I tried the Backward, Forward, and Random Strategies within the Feature Selection node. Random gave me pretty ugly output that I don’t believe. I wanted to also compare the Genetic Algorithm, but was doing something wrong with failures to complete the loop…
To begin placing market-based values on the individual variables I tried several different Feature Selection Loops and spent much time manually comparing all of the results. At this time I am down to three: 1) KNIME Random Forest Regression, 2) H2O Random Forest Regression, and 3) KNIME Gradient Boosted Trees.

After painful evaluation I am right now running with the KNIME Random Forest Regression. From a practitioner’s perspective the overall importance scoring feels more in line with market values.

But never do what I do; I’m just an idiot trying to change the real estate industry.

Oh, almost forgot: yes, I do look at reducing the variables below 50 based on playing with the Feature Selection Filter

Daniel_Weikert · October 21, 2021, 4:44pm

Thanks a lot for sharing, highly appreciated. And don’t call yourself an idiot
Starting to select with domain knowledge is certainly beneficial.
So what is your RMSE (or other measure you are tracking?) Reasonable?
br

smithcreed · October 21, 2021, 5:53pm

@Daniel_Weikert I am in the process of reconstructing nine of the same analyses (each about 1,000% bigger than the tiny step you saw here) just for one city. My discoveries above convinced me to rebuild this portion of the much bigger system.

Prior to the rebuild (may take a full week or more) my MAPE was running 4% to 4.8% with an 88% to 93% R-Squared on the nine sub analyses. Which is actually pretty phenomenal for valuing real estate.

But please keep in mind, the whole system is very large and complex; you saw just a tiny, tiny portion. I’ve tried some crazy stuff that I am sure nobody else has thought of–that I am amazed even sometimes work.

The funny thing is zillow’s latest valuation system is using thousands of data points. Mine is getting these results using four data points. Now, my four data points are synthesized from massive analyses creating each–but in the end there’s only four. take care.
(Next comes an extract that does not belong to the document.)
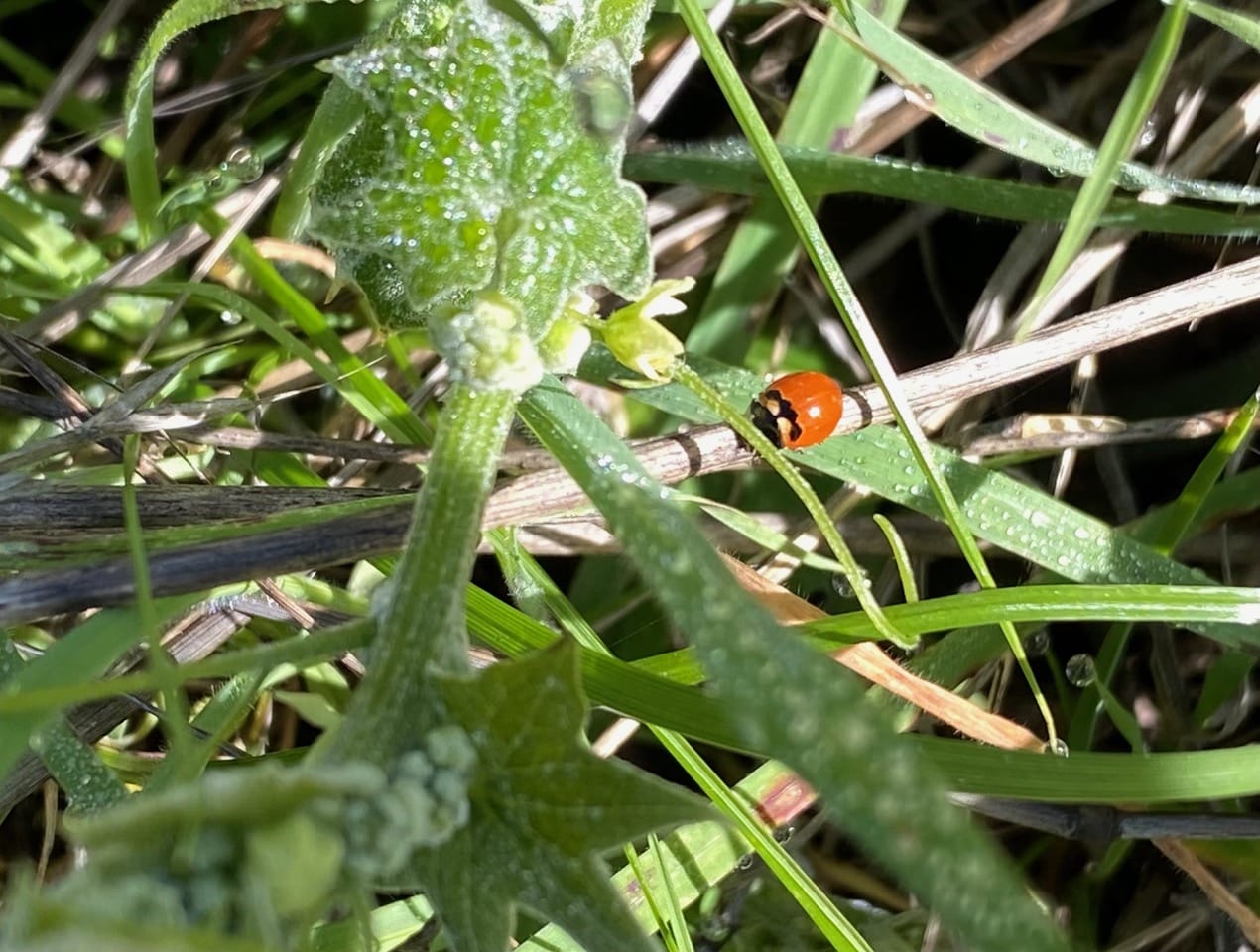Ooh, an unusual Lady Beetle is crawling on the tangle of vegetation under the Marah vine! Instead of spots, this ladybeetle has rather unusual markings on its elytra! It’s the Three-banded Ladybeetle, Coccinella trifasciata (family Coccinellidae), native to North America.

mlauber71 · October 22, 2021, 8:24am

@smithcreed you could try automated feature engineering at some point like with R vtreat. The example used actually is from a house price Kaggle challenge.
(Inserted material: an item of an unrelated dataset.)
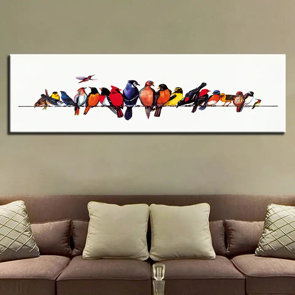 Canvas Hd Print Banner Painting Wall Art 1 Piece Animals Birds On
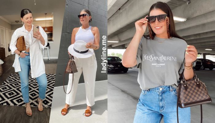 Белый топ + классические светлые брюки с высокой посадкой +шляпа + брендовая мини-сумка + сандалии на плоском ходу +актуальная многослойная бижутерия - аутфит, который приковывает к себе внимание с первого взгляда.

Also you might try H2O.ai Auto machine learning.

smithcreed · October 22, 2021, 11:56am

@mlauber71 I have downloaded the workflows, thanks.
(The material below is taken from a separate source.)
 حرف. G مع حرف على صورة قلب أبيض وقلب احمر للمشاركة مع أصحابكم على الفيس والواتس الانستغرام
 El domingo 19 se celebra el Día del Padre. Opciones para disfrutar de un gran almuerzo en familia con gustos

Daniel_Weikert · October 22, 2021, 2:51pm

The result with such metrics sounds indeed pretty good. With the size comment, are you referring on the data and how you retrieve it? Maybe I misunderstood that.
br and enjoy your weekend

smithcreed · October 22, 2021, 3:24pm

The size comment is regarding the small algorithm discussed at the beginning of this post relative to my whole series of analyses to derive the end results. take care

Daniel_Weikert · October 25, 2021, 5:43pm

Well “80% of the time of a datascientist is spent getting the data” (General statement)
Applying the algorithm is only the cherry of the pie. Kudos to your work
take care

system · April 26, 2022, 5:43am

This topic was automatically closed 182 days after the last reply. New replies are no longer allowed.